Our goal in trade relationships is that countries will maintain open markets and play by high-standard rules. American companies don’t fear competition, but they want a level playing field, their intellectual property protected, and transparent rules that allow them to compete.
The recent focus on U.S.-China trade and heightened leverage gained through threatened tariffs and other actions is driving intense talks between the two countries that may lead to new market opportunities and an improved environment for American companies.
Korea and the U.S. likewise recently reached agreement on updates to their bilateral trade agreement that will deliver important benefits and allow the two countries to return their focus on cooperative efforts on North Korea.
We don’t have a crystal ball and we’re not at the finish line on some of the current trade discussions, but the downside of escalation of disputes and the upside of finding solutions leads us to be cautiously optimistic about where we’ll end up.

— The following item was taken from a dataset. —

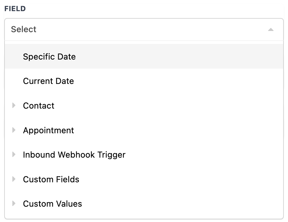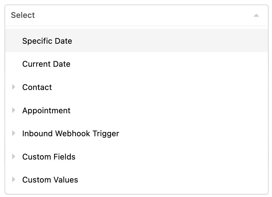 Choose the date field you want to reformat. You can select various sources such as a Specific Date, Current Date, Contact's date fields, date type custom fields, Appointment start/end date, Custom values, or even from an Inbound Webhook Trigger.
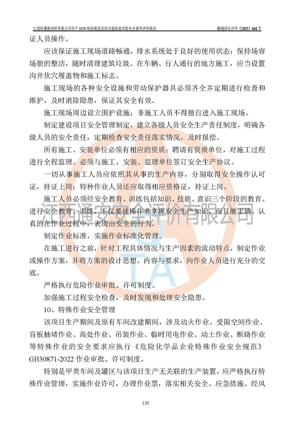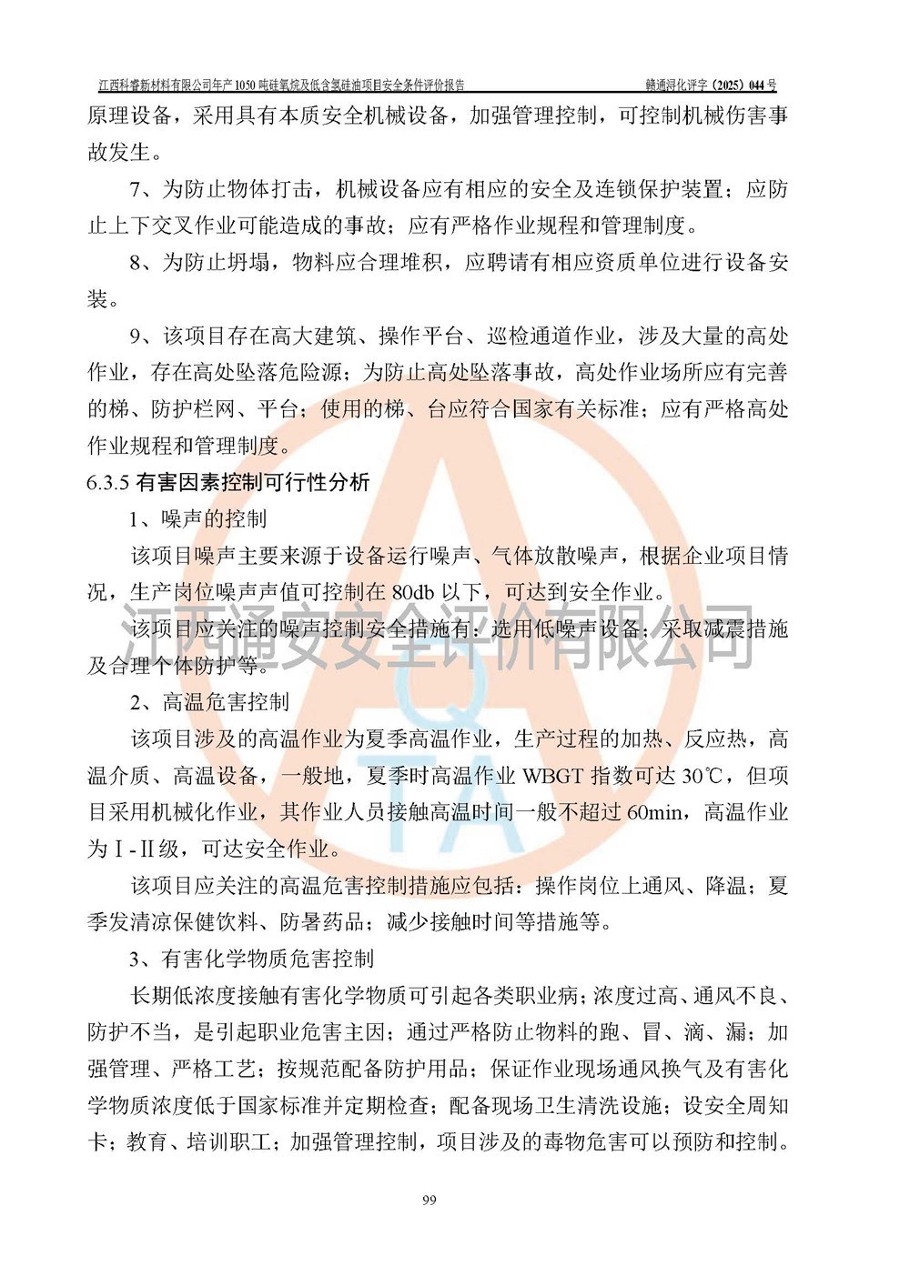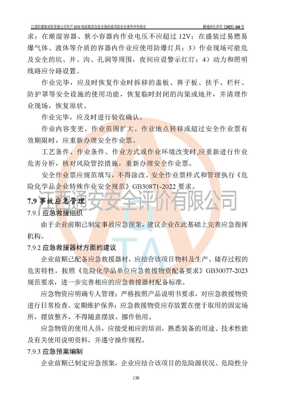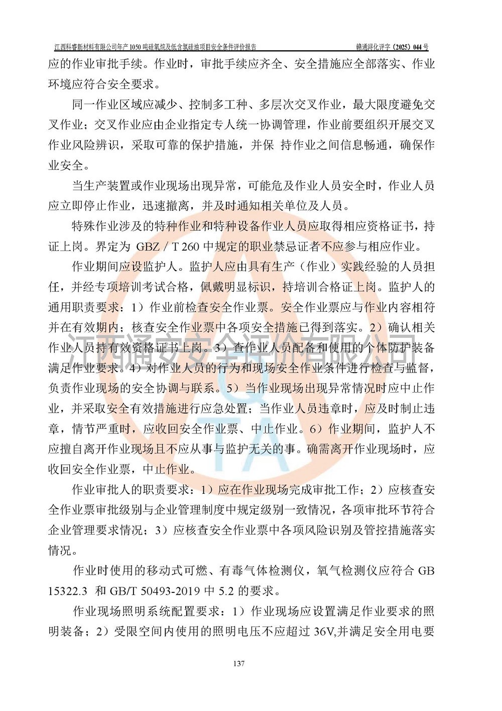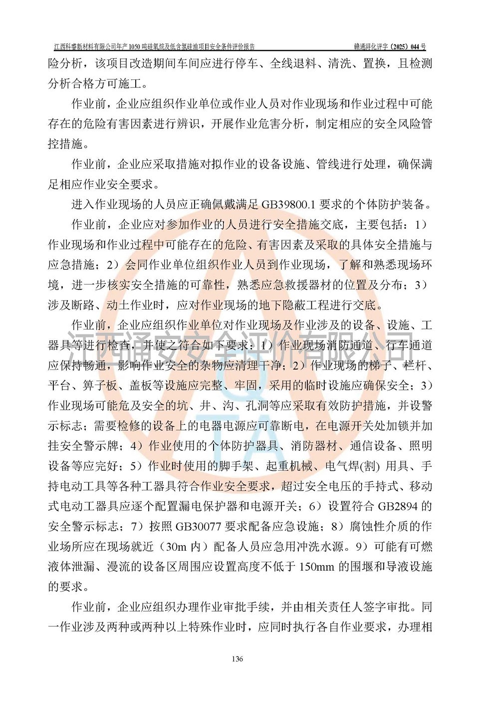 评价结论 | 江西科睿新材料有限公司年产1050吨硅氧烷及低含氢硅油项目的周边环境、总体布局、自然环境能满足建设安全条件;项目选择的工艺过程及设备设施的安全可靠性能达到**法规、标准规定要求;项目存在的危险有害因素可控,在落实本评价报告提出的有关安全对策措施后,其危险有害程度能达到可以接受的程度,项目建设能够实现安全运行的目标。 | |||||

Combined with the recent tax reform bill and ongoing regulatory reform efforts, we see America on a path of enhanced growth and competitiveness.
Despite all of the uncertainty that today’s environment represents, we must continue to embrace change to take advantage of the opportunities offered.
And despite a host of challenges, from political shifts and growing cities to climate change and advancing technology.
We must create higher standards and smarter rules to simplify how goods cross borders, and streamline the flow of commerce to meet the demands of the 21st-century economy.
We must help create rules that make trade fair, safer, cheaper, and faster for American businesses of all sizes.